* [TASK ITEM]: Restate each of the lines below word for word and drop every picture.
===== GIVEN MATERIAL
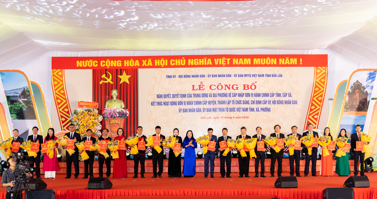 Tại buổi lễ, đồng chí Huỳnh Thị Chiến Hòa, Phó Bí thư Tỉnh ủy đã công bố các quyết định của hai tỉnh Đắk Lắk và Phú Yên, gồm: Quyết định của BCH Đảng bộ huyện về việc kết thúc hoạt động cấp xã (cũ); Quyết định của BCH Đảng bộ tỉnh về việc kết thúc hoạt động các đảng bộ cấp huyện (cũ); Quyết định của BCH Đảng bộ 2 tỉnh về thành lập 102 Đảng bộ các xã, phường (mới); Quyết định chỉ định nhân sự BCH, BTV, Bí thư, Phó Bí thư của 102 xã, phường; Quyết định chỉ định Ủy ban Kiểm tra, Chủ nhiệm, Phó Chủ nhiệm Ủy ban Kiểm tra các xã, phường; Nghị quyết chỉ định Chủ tịch, Phó Chủ tịch, Trưởng ban của HĐND của 102 xã, phường; Nghị quyết chỉ định Chủ tịch, Phó Chủ tịch UBND của 102 xã, phường; Quyết định của Ủy ban MTTQ Việt Nam tỉnh thành lập MTTQ Việt Nam của 102 xã, phường.
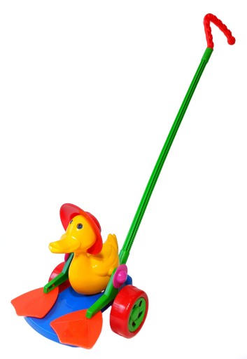 Дитина веде іграшку перед собою за допомогою прикріпленої палички.
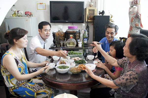Como de costumbre, durante décadas, la comida familiar cuidada por Tu Hoa reúne a 3 generaciones bajo el mismo techo. El comer conjuntamente se ha convertido en una práctica diaria. Se trata de una ocasión para que cada miembro transmita su amor mientras que los niños expresen la piedad a los padres y abuelos, quienes por su parte, les enseñen la manera de comer, además de aconsejarles sobre los asuntos escolares y sentimentales. Esta es también una oportunidad para enriquecer la vida conyugal, contribuyendo a formar el buen comportamiento de los infantes.
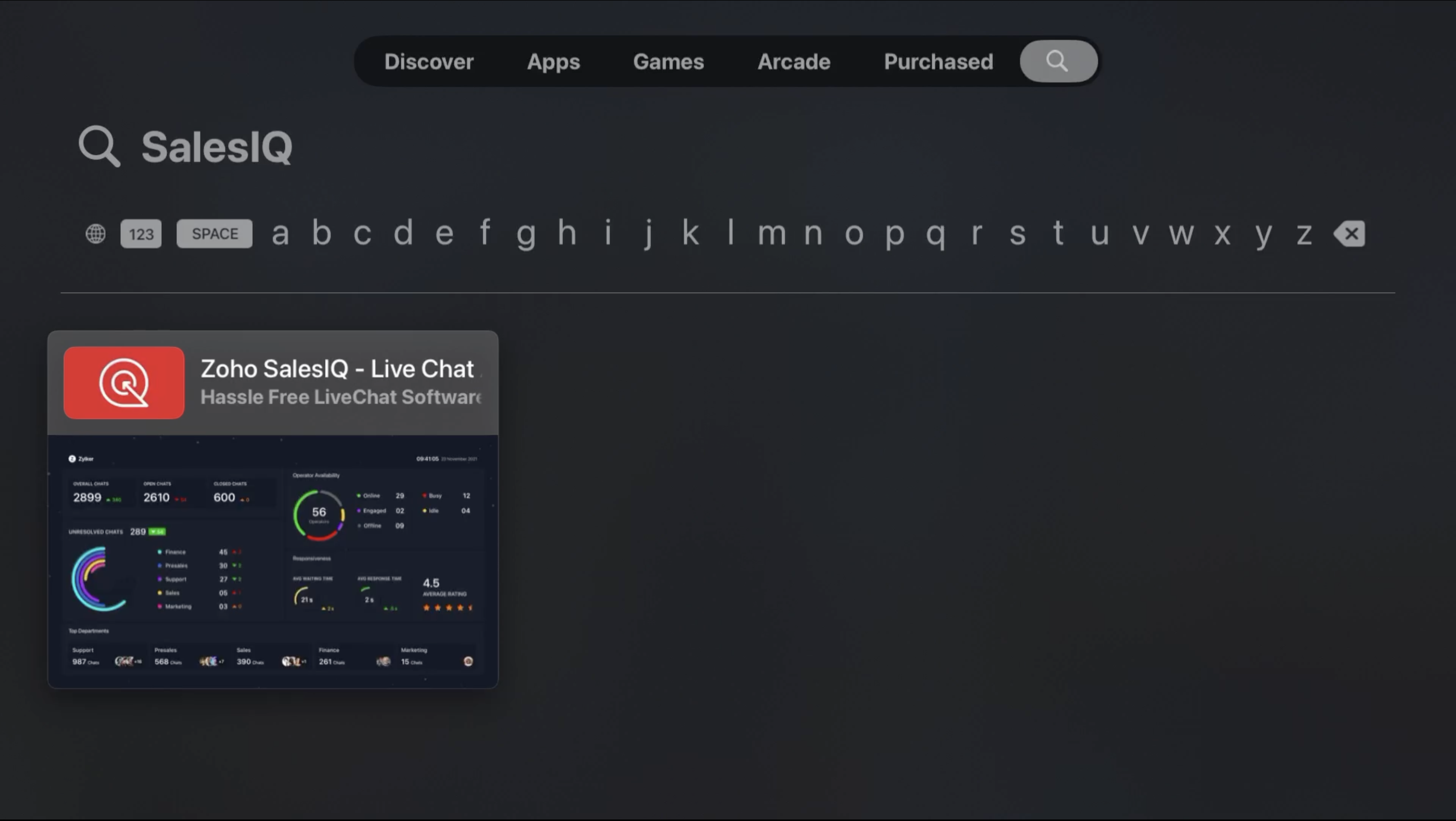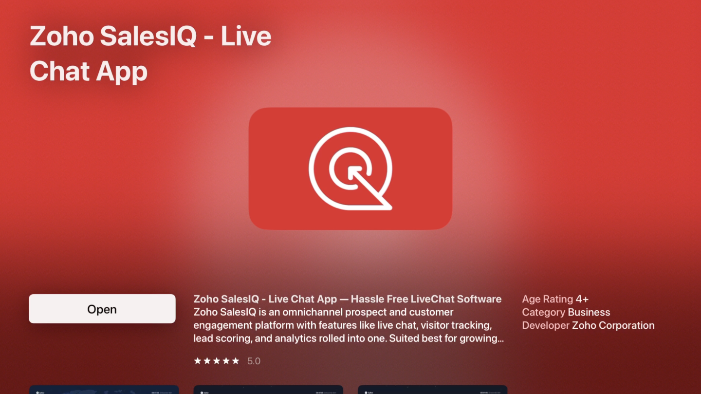 Zoho SalesIQ app for Apple TV
==========
* [TASK ANSWER]:
 Tại buổi lễ, đồng chí Huỳnh Thị Chiến Hòa, Phó Bí thư Tỉnh ủy đã công bố các quyết định của hai tỉnh Đắk Lắk và Phú Yên, gồm: Quyết định của BCH Đảng bộ huyện về việc kết thúc hoạt động cấp xã (cũ); Quyết định của BCH Đảng bộ tỉnh về việc kết thúc hoạt động các đảng bộ cấp huyện (cũ); Quyết định của BCH Đảng bộ 2 tỉnh về thành lập 102 Đảng bộ các xã, phường (mới); Quyết định chỉ định nhân sự BCH, BTV, Bí thư, Phó Bí thư của 102 xã, phường; Quyết định chỉ định Ủy ban Kiểm tra, Chủ nhiệm, Phó Chủ nhiệm Ủy ban Kiểm tra các xã, phường; Nghị quyết chỉ định Chủ tịch, Phó Chủ tịch, Trưởng ban của HĐND của 102 xã, phường; Nghị quyết chỉ định Chủ tịch, Phó Chủ tịch UBND của 102 xã, phường; Quyết định của Ủy ban MTTQ Việt Nam tỉnh thành lập MTTQ Việt Nam của 102 xã, phường.
 Дитина веде іграшку перед собою за допомогою прикріпленої палички.
Como de costumbre, durante décadas, la comida familiar cuidada por Tu Hoa reúne a 3 generaciones bajo el mismo techo. El comer conjuntamente se ha convertido en una práctica diaria. Se trata de una ocasión para que cada miembro transmita su amor mientras que los niños expresen la piedad a los padres y abuelos, quienes por su parte, les enseñen la manera de comer, además de aconsejarles sobre los asuntos escolares y sentimentales. Esta es también una oportunidad para enriquecer la vida conyugal, contribuyendo a formar el buen comportamiento de los infantes.
 Zoho SalesIQ app for Apple TV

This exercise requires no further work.